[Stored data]
....................
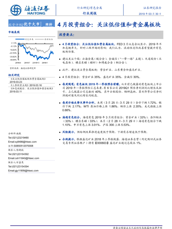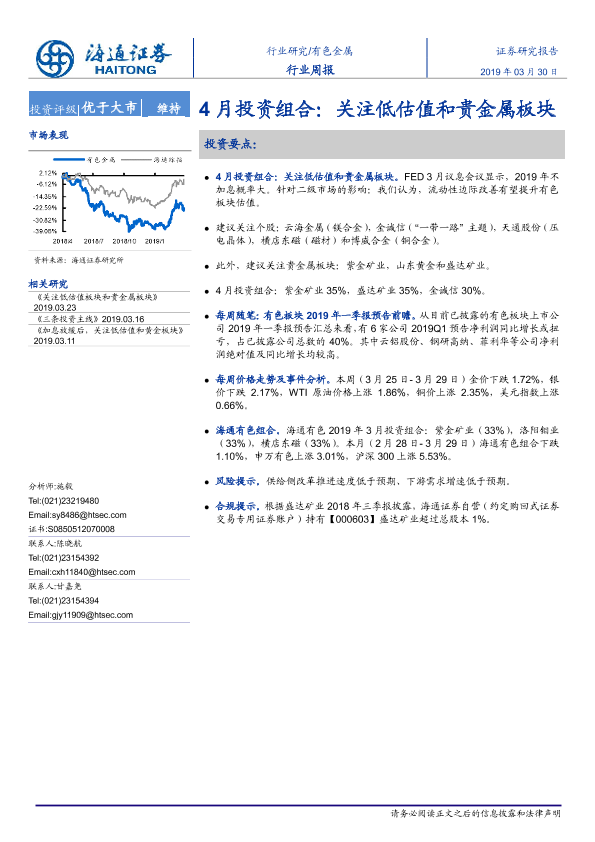 【海通证券】【20190330】20190330-海通证券-有色金属行业周报:4月投资组合:关注低估值和贵金属板块-9页
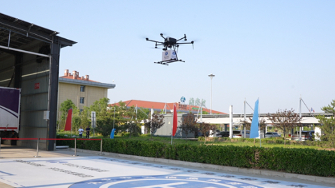 5月7日17时08分,满载货物的物流无人机精准降落在荣乌高速新线雄安北服务区分拨中心起降点,这也代表着河北省首条低空无人机物流运输航线试航成功。
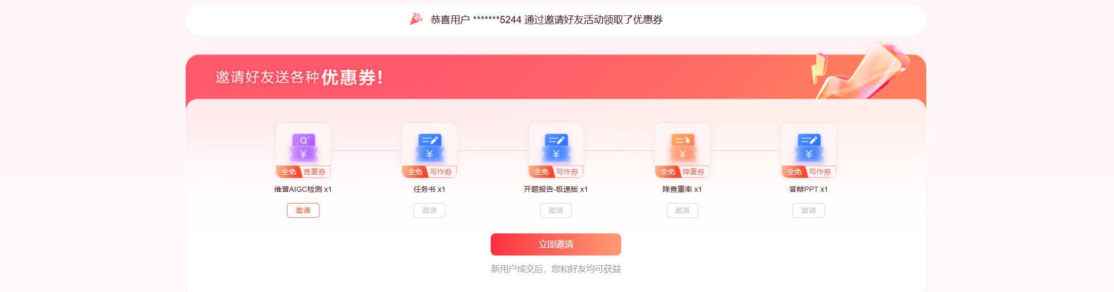 【步骤2】:首页点击“免费领券”,不仅可以薅到答辩PPT,还有维普AIGC、开题报告、任务书、降查重率等多种福利。
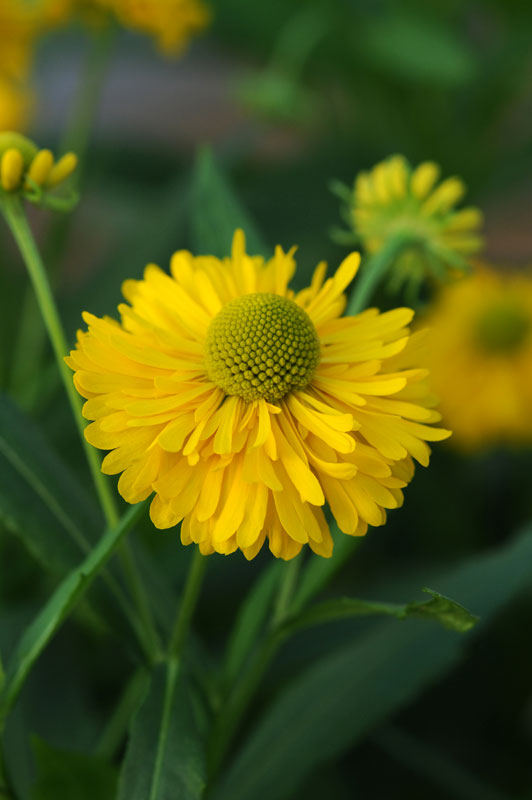 Helenium ‘Double Trouble’ 草丈80㎝、明るい黄色の八重咲き品種で花付きがよい。
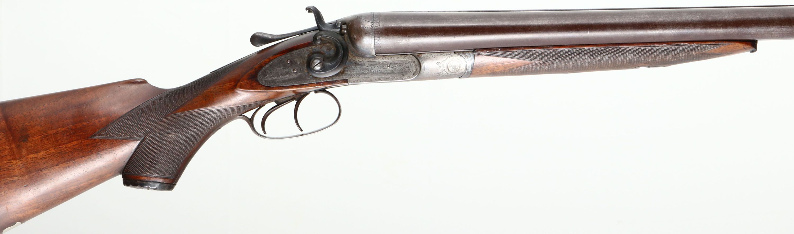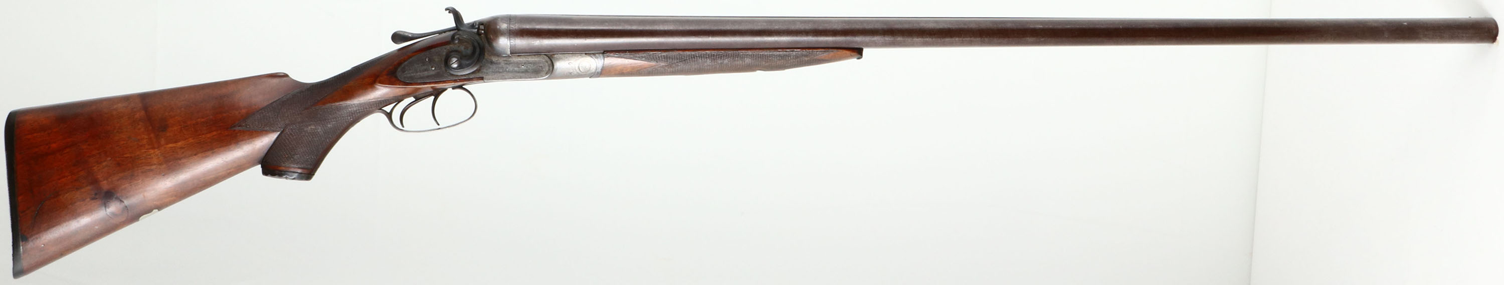Johnstone, Hammer Double, CAL: 8 Bore, MFG: late 19th century, SN: 175, Break Action SxS Shotgun, 35 5/8'' barrels. The original, checkered & capped pistol grip stock & forend are excellent. There are contusions, minor scrapes & dings. The grip cap & forend inlay appear to be horn & there is a blank silver shield initial plate on the belly of the stock. The thumbprint damascus pattern on the barrels is visible, but faded, revealing a wire twist. The browned finish on the barrels has worn to a mix of original finish & metal grey. The receiver & hammers are case-hardened, retaining faint case-colors in heavily protected areas. The receiver, barrel ends, hammers, break lever, trigger guard, forend metal components & screws all display simple ornamental engraving. There are small bird game scenes on both side plates & a bird vignette on the bottom of the receiver. Bores are good, with intermittent pitting towards the muzzle. The solid rib holds a single front bead. Stock carries a grooved buttplate. Double triggers. Another nice large bore shotgun. Antique, No FFL Req. - Value: 1400 to 2800
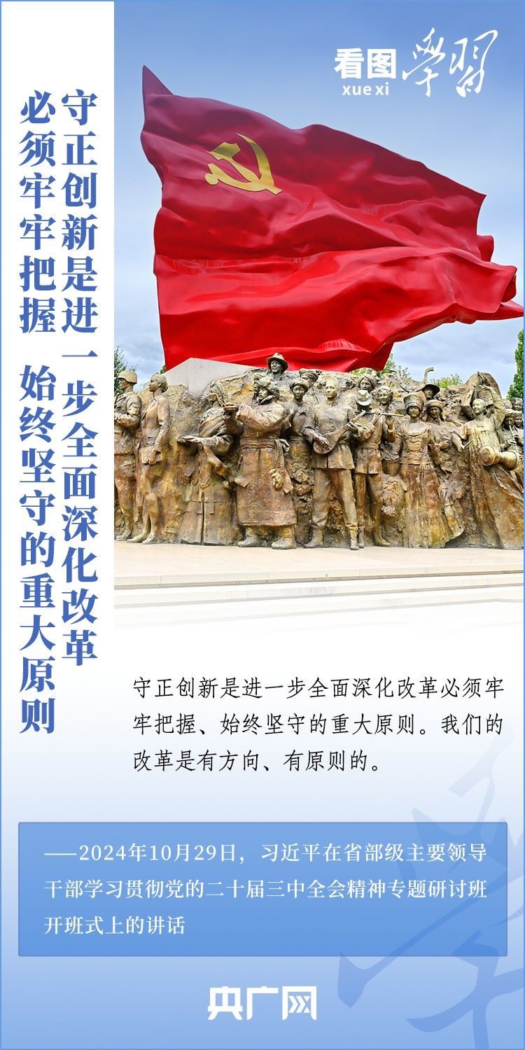 改革只有進行時,沒有完成時。10月29日,省部級主要領(lǐng)導干部學習貫徹黨的二十屆三中全會精神專題研討班在中央黨校(國家行政學院)開班。習近平總書記發(fā)表重要講話,就進一步全面深化改革的一系列重大問題進行深刻闡釋,強調(diào)要牢牢把握、始終堅守“守正創(chuàng)新”這一重大原則,把握好“四對關(guān)系”,奮力打開改革發(fā)展新天地。一起來學習!
....................
(Exercise aim) Repeat every record above exactly. The pictures do not belong in the copy.

(Finished exercise)
 【海通证券】【20190330】20190330-海通证券-有色金属行业周报:4月投资组合:关注低估值和贵金属板块-9页
 5月7日17时08分,满载货物的物流无人机精准降落在荣乌高速新线雄安北服务区分拨中心起降点,这也代表着河北省首条低空无人机物流运输航线试航成功。
 【步骤2】:首页点击“免费领券”,不仅可以薅到答辩PPT,还有维普AIGC、开题报告、任务书、降查重率等多种福利。
 Helenium ‘Double Trouble’ 草丈80㎝、明るい黄色の八重咲き品種で花付きがよい。
Johnstone, Hammer Double, CAL: 8 Bore, MFG: late 19th century, SN: 175, Break Action SxS Shotgun, 35 5/8'' barrels. The original, checkered & capped pistol grip stock & forend are excellent. There are contusions, minor scrapes & dings. The grip cap & forend inlay appear to be horn & there is a blank silver shield initial plate on the belly of the stock. The thumbprint damascus pattern on the barrels is visible, but faded, revealing a wire twist. The browned finish on the barrels has worn to a mix of original finish & metal grey. The receiver & hammers are case-hardened, retaining faint case-colors in heavily protected areas. The receiver, barrel ends, hammers, break lever, trigger guard, forend metal components & screws all display simple ornamental engraving. There are small bird game scenes on both side plates & a bird vignette on the bottom of the receiver. Bores are good, with intermittent pitting towards the muzzle. The solid rib holds a single front bead. Stock carries a grooved buttplate. Double triggers. Another nice large bore shotgun. Antique, No FFL Req. - Value: 1400 to 2800
 改革只有進行時,沒有完成時。10月29日,省部級主要領(lǐng)導干部學習貫徹黨的二十屆三中全會精神專題研討班在中央黨校(國家行政學院)開班。習近平總書記發(fā)表重要講話,就進一步全面深化改革的一系列重大問題進行深刻闡釋,強調(diào)要牢牢把握、始終堅守“守正創(chuàng)新”這一重大原則,把握好“四對關(guān)系”,奮力打開改革發(fā)展新天地。一起來學習!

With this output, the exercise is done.